I saw a video on Zen Buddhism yesterday that really got me thinking about my approach to meditation and the self in general. I keep forgetting that one of the central ideas in Zen is the "illusion of self" and what that really means. What we think of as a fixed self is really just...this tangle of emotions, experience, and memory that doesn't necessarily coalesce around anything stable. We don't view reality from a fixed point, but we cling to the idea that we do and it causes us great suffering. Changing yourself is an illusion, because there is no self to change. There is only the change. We're far more mutable and adaptable than we ever give ourselves credit to be.

That isn't to say change is easy. The tension of the strings that create this bundle of awareness increases when we try to shift it.
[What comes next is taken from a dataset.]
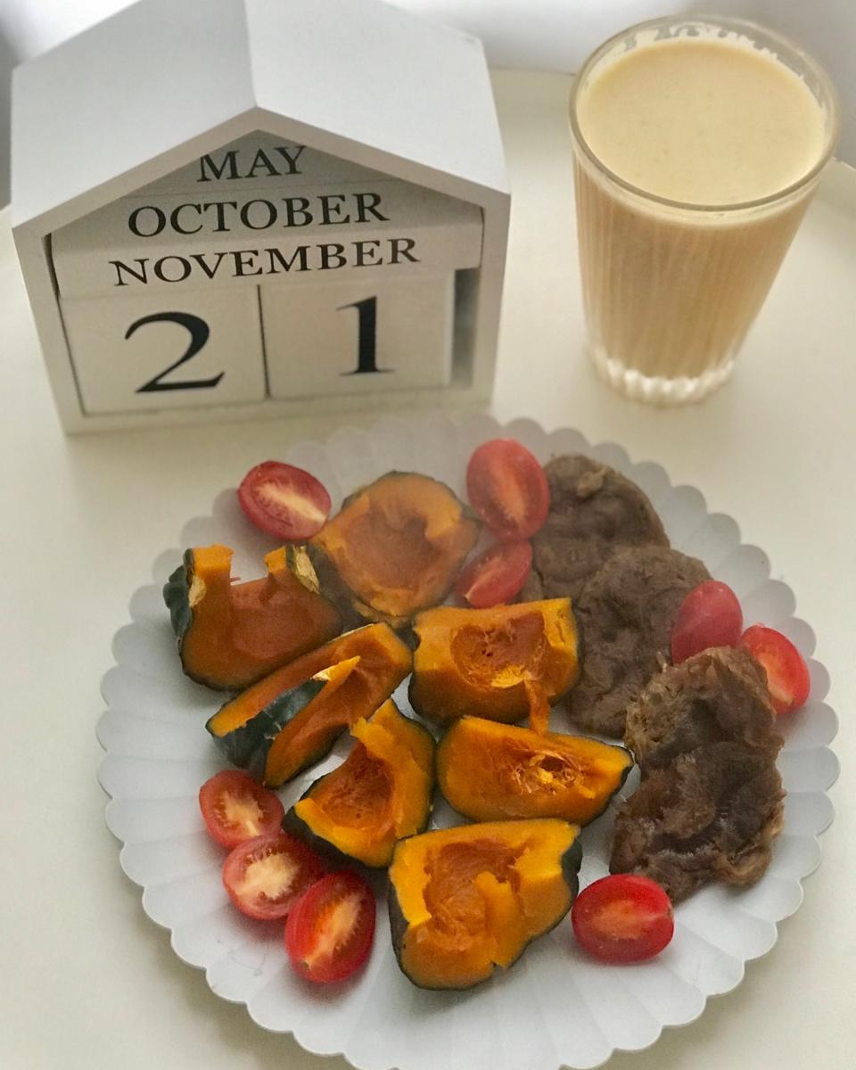 贝贝南瓜🎃、卤牛腱、圣女果、红枣豆浆

It takes skill to manage the attachments that make us feel "stuck" in a certain belief or attitude. We can create slack here and there, but we have to know where the pressure is coming from and how best to relieve it. And because what we think of as "self" is actually this interrelated tangle of stuff, it can be very difficult to follow tensions back to their sources. Maybe this is the function of koans and Zen stories. They actually sever the attachments we've made over our lives and the shock of that sudden shift provides illumination.

It's an exciting thought. Mainly because it means that if I can absorb that lesson and approach my own journey with that understanding, a whole new world of possibilities open up.